### REQUIRED WORK:
Your copy should start at the line with "90 Hours Battery" and end at the line with "前後着用OK。ボタンを後ろに" in the data below. Transcribe only those lines, exactly, pictures excluded.

━━━━━ DATA IN THIS EXERCISE

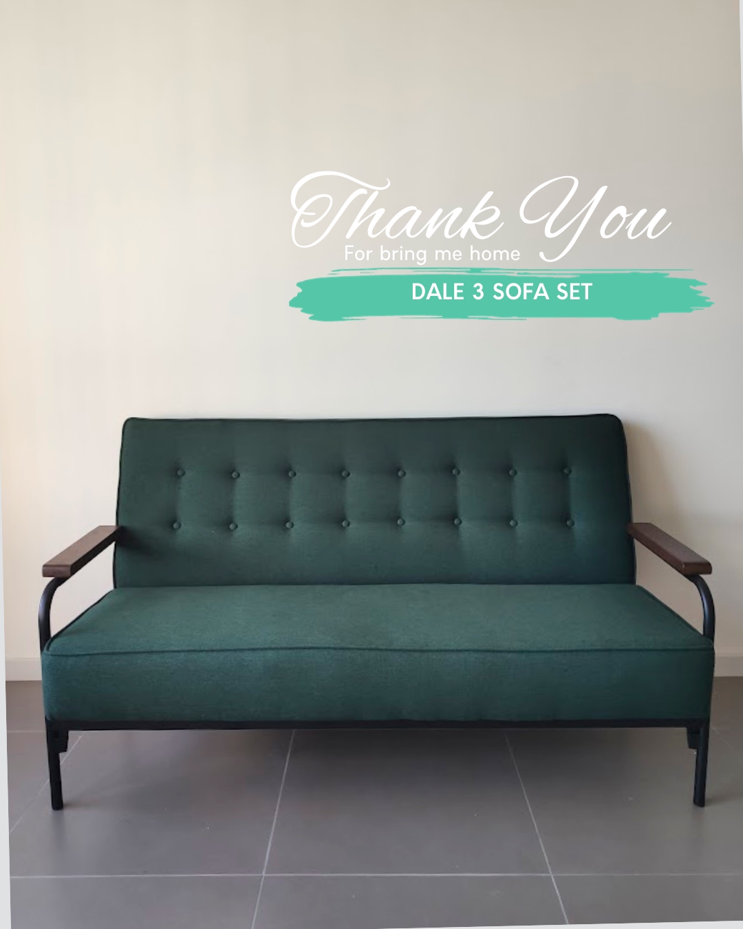 DALE 3 Seater Retro Sofa-Green
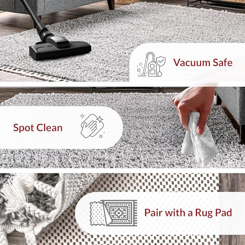 Neva Modern Grey Shag Accent Rug with Tassels 2x3
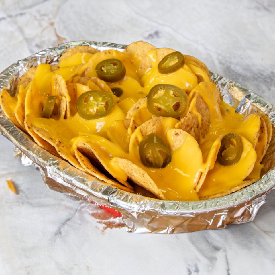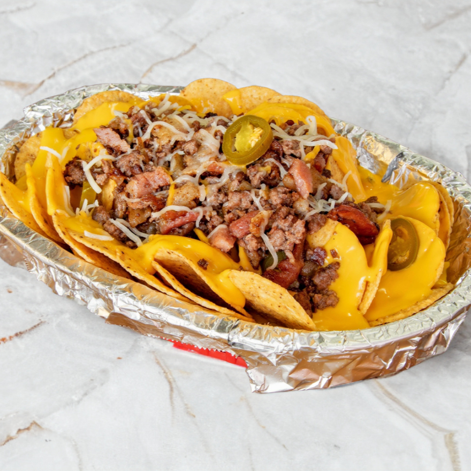 Nachos de maíz bañados en queso cheddar, carne de res, tocino frito, mezcla de quesos.
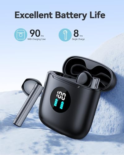 90 Hours Battery Life & LED Power Display: BOLOXA wireless ear buds are equipped with large capacity rechargeable battery, you can get 8 hours of listening life on a single charge, with the case that extends it to total 90 hours. So you never worry about battery shortage. The digital LED screen indicates the percentage of the real-time battery of the charging case, the LED bars show the charging status of each buds. You can precisely manage the usage of your bluetooth earphones.
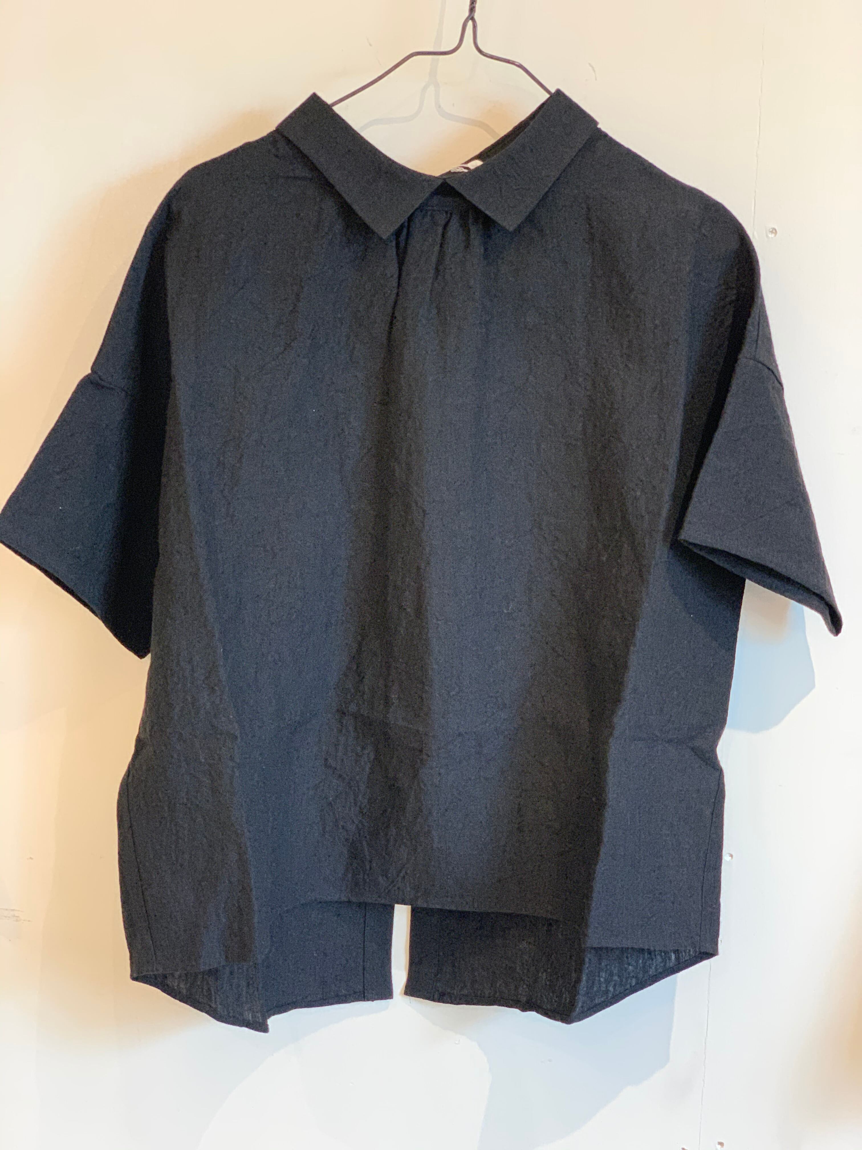 前後着用OK。ボタンを後ろにすると襟元のギャザーが可愛いブラウスになり、後ろはインナーをチラ見せできます。
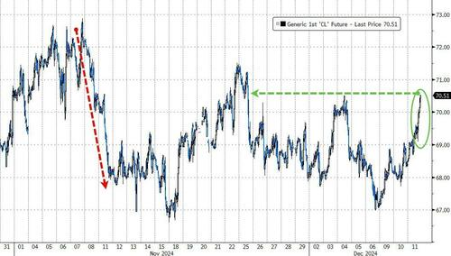 美油:WTI 1月原油期货收涨1.70美元,涨幅将近2.48%,报70.29美元/桶,逼近11月22日收盘位71.24美元。
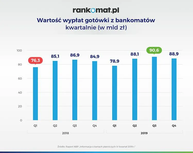 Wartość wypłacanej gotówki - miażdżąca przewaga bankomatów
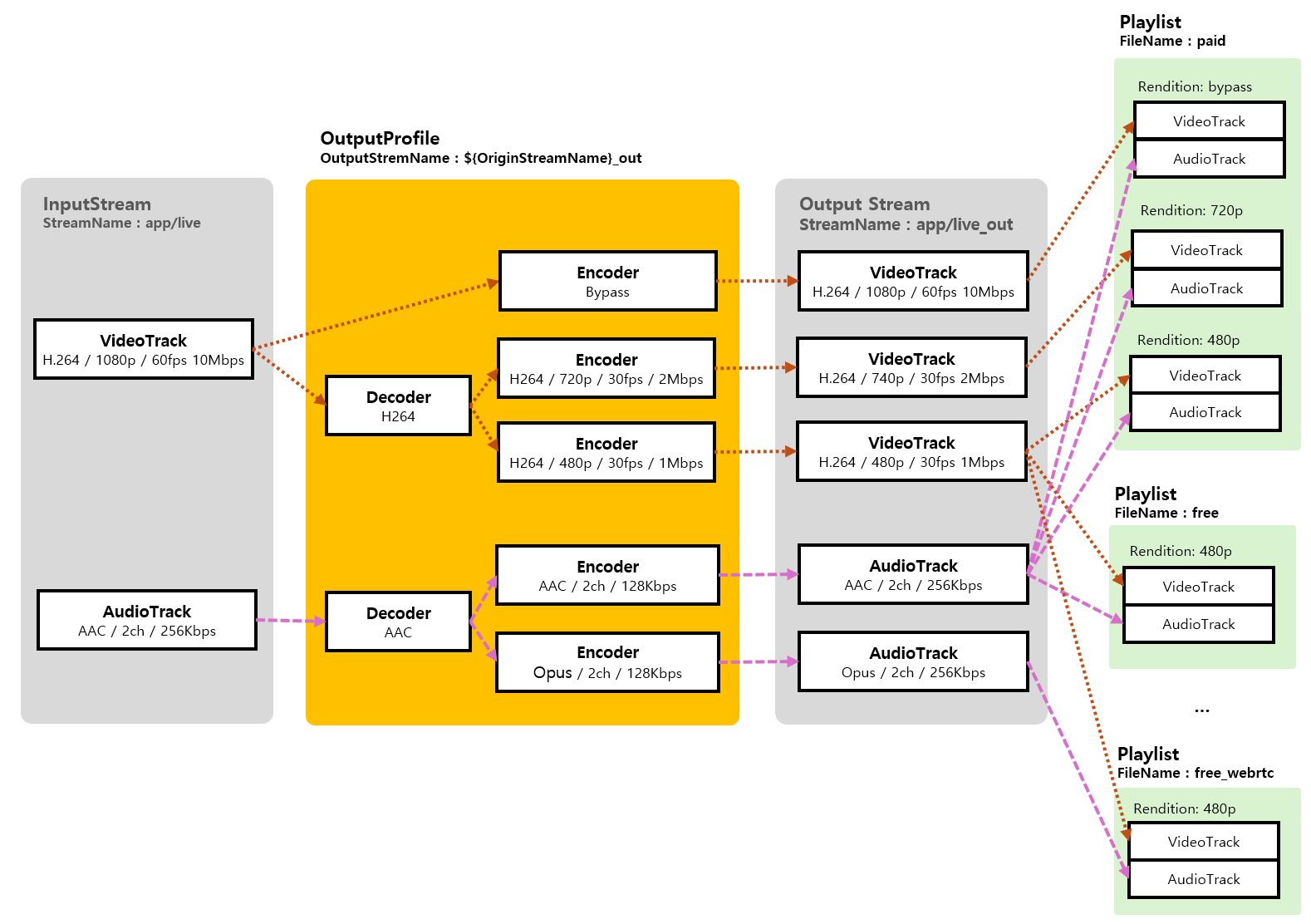 OvenMediaEngine supports Live Transcoding for Adaptive Bitrate(ABR) streaming and protocol compatibility.  Each protocol supports different codecs, and ABR needs to change resolution and bitrate in different ways.  Using **OutputProfile**, codecs, resolutions, and bitrates can be converted, and ABR can be configured as a variety of sets using a **Playlist**.

━━━━━━━━━━

### TASK OUTPUT:
 90 Hours Battery Life & LED Power Display: BOLOXA wireless ear buds are equipped with large capacity rechargeable battery, you can get 8 hours of listening life on a single charge, with the case that extends it to total 90 hours. So you never worry about battery shortage. The digital LED screen indicates the percentage of the real-time battery of the charging case, the LED bars show the charging status of each buds. You can precisely manage the usage of your bluetooth earphones.
 前後着用OK。ボタンを後ろにすると襟元のギャザーが可愛いブラウスになり、後ろはインナーをチラ見せできます。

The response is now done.